TL;DR Summary: Title

Does this reliance on ensembles introduce a fundamental conceptual gap between the idealized theory and the behavior of actual, finite classical or quantum systems, and if so, what are the limitations of using ensembles to describe reality?

As far as the modelling of the behavior of actual, finite systems is concerned, the current models based on statisticsl physics are very successful.

 

[Demystifier]

what are the limitations of using ensembles to describe reality?

There is a simple but general principle how to determine whether a statistical ensemble describes well a real single system. The statistical ensemble is just a conceptual model for the notion of probability distribution. From the probability distribution $p(x)$ (where $x$ is a microscopic state) you can compute not only the average value of an observable
$$\langle O\rangle \equiv \int dx\, p(x)O(x)$$
but also the fluctuation (i.e. standard deviation) $\Delta O$ given by
$$(\Delta O)^2 = \langle O^2\rangle - \langle O\rangle^2$$
In general, the average value $\langle O\rangle$ of the ensemble does not need to represent well the actual value $O(x)$ of a single system in the actual microstate $x$. However, if the fluctuation is small, in the sense that
$$\frac{\Delta O}{\langle O\rangle} \ll 1$$
then the average value represents well the actual value, i.e. we can be pretty certain that
$$\langle O\rangle \simeq O(x)$$
Typically this happens when the system contains a large number $N\gg 1$ of particles (or some other elementary constituents) and $O(x)$ is an observable that scales with $N$, so the approximate equality above is valid due to the law of large numbers.
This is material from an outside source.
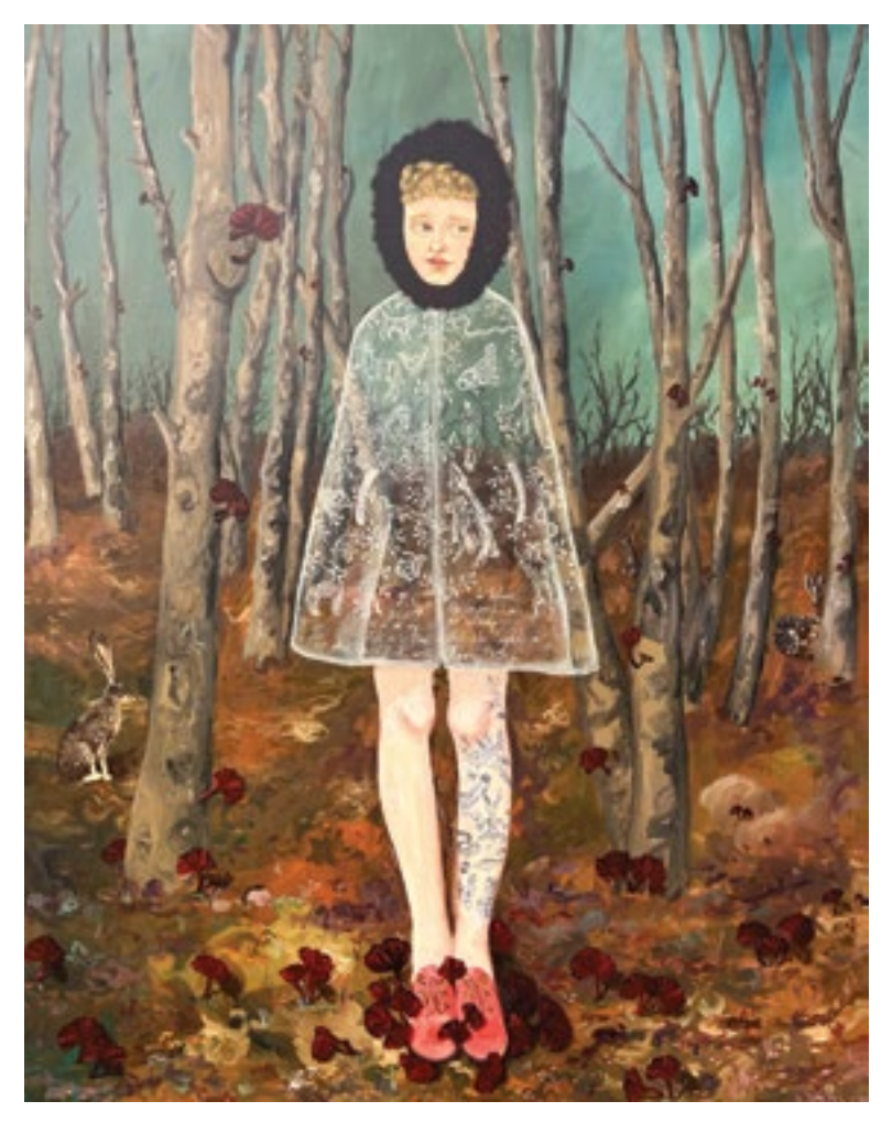
"Red Mushrooms," acrylic on panel, 60 x 48 in.

MARCH 1 - 30, 2024 Champagne Reception: Saturday, March 2, 3-5pm ARTIST TALK 4PM

Typically $(\Delta O)^2$ then also scales with $N$, so
$$\frac{\Delta O}{\langle O\rangle} \sim \frac{\sqrt{N}}{N} = \frac{1}{\sqrt{N}} \ll 1$$

Let us illustrate it by a simple example. Suppose that you have a single system containing $N=10^6$ unbiased coins, each of which is in the state tail or head. Let us associate a value 0 with each tail and a value 1 with each head. A typical microstate is something like
$$x=(0,1,0,0,1,0,1,1,1,0, ...)$$
meaning that the first coin is in the state tail, second coin in the state head, etc. Let $O(x)$ be defined as the sum of all these 0's and 1's. Clearly, the average value of $O$ is
$$\langle O \rangle = 0.5 \cdot 10^6$$
The computation of $\Delta O$ is more complicated, but it is of the order of
$$ \Delta O \sim \sqrt{N}=10^3$$
Hence
$$\frac{\Delta O}{\langle O\rangle} \sim \frac{10^3}{0.5 \cdot 10^6} = 2\cdot 10^{-3} \ll 1$$
Thus we can say that the actual value of $O(x)$ is very close to the average value $0.5 \cdot 10^6$.

 

[syed]

There is a simple but general principle how to determine whether a statistical ensemble describes well a real single system. The statistical ensemble is just a conceptual model for the notion of probability distribution. From the probability distribution $p(x)$ (where $x$ is a microscopic state) you can compute not only the average value of an observable
$$\langle O\rangle \equiv \int dx\, p(x)O(x)$$
but also the fluctuation (i.e. standard deviation) $\Delta O$ given by
$$(\Delta O)^2 = \langle O^2\rangle - \langle O\rangle^2$$
In general, the average value $\langle O\rangle$ of the ensemble does not need to represent well the actual value $O(x)$ of a single system in the actual microstate $x$. However, if the fluctuation is small, in the sense that
$$\frac{\Delta O}{\langle O\rangle} \ll 1$$
then the average value represents well the actual value, i.e. we can be pretty certain that
$$\langle O\rangle \simeq O(x)$$
Typically this happens when the system contains a large number $N\gg 1$ of particles (or some other elementary constituents) and $O(x)$ is an observable that scales with $N$, so the approximate equality above is valid due to the law of large numbers. Typically $(\Delta O)^2$ then also scales with $N$, so
$$\frac{\Delta O}{\langle O\rangle} \sim \frac{\sqrt{N}}{N} = \frac{1}{\sqrt{N}} \ll 1$$

Let us illustrate it by a simple example. Suppose that you have a single system containing $N=10^6$ unbiased coins, each of which is in the state tail or head. Let us associate a value 0 with each tail and a value 1 with each head. A typical microstate is something like
$$x=(0,1,0,0,1,0,1,1,1,0, ...)$$
meaning that the first coin is in the state tail, second coin in the state head, etc. Let $O(x)$ be defined as the sum of all these 0's and 1's. Clearly, the average value of $O$ is
$$\langle O \rangle = 0.5 \cdot 10^6$$
The computation of $\Delta O$ is more complicated, but it is of the order of
$$ \Delta O \sim \sqrt{N}=10^3$$
Hence
$$\frac{\Delta O}{\langle O\rangle} \sim \frac{10^3}{0.5 \cdot 10^6} = 2\cdot 10^{-3} \ll 1$$
Thus we can say that the actual value of $O(x)$ is very close to the average value $0.5 \cdot 10^6$.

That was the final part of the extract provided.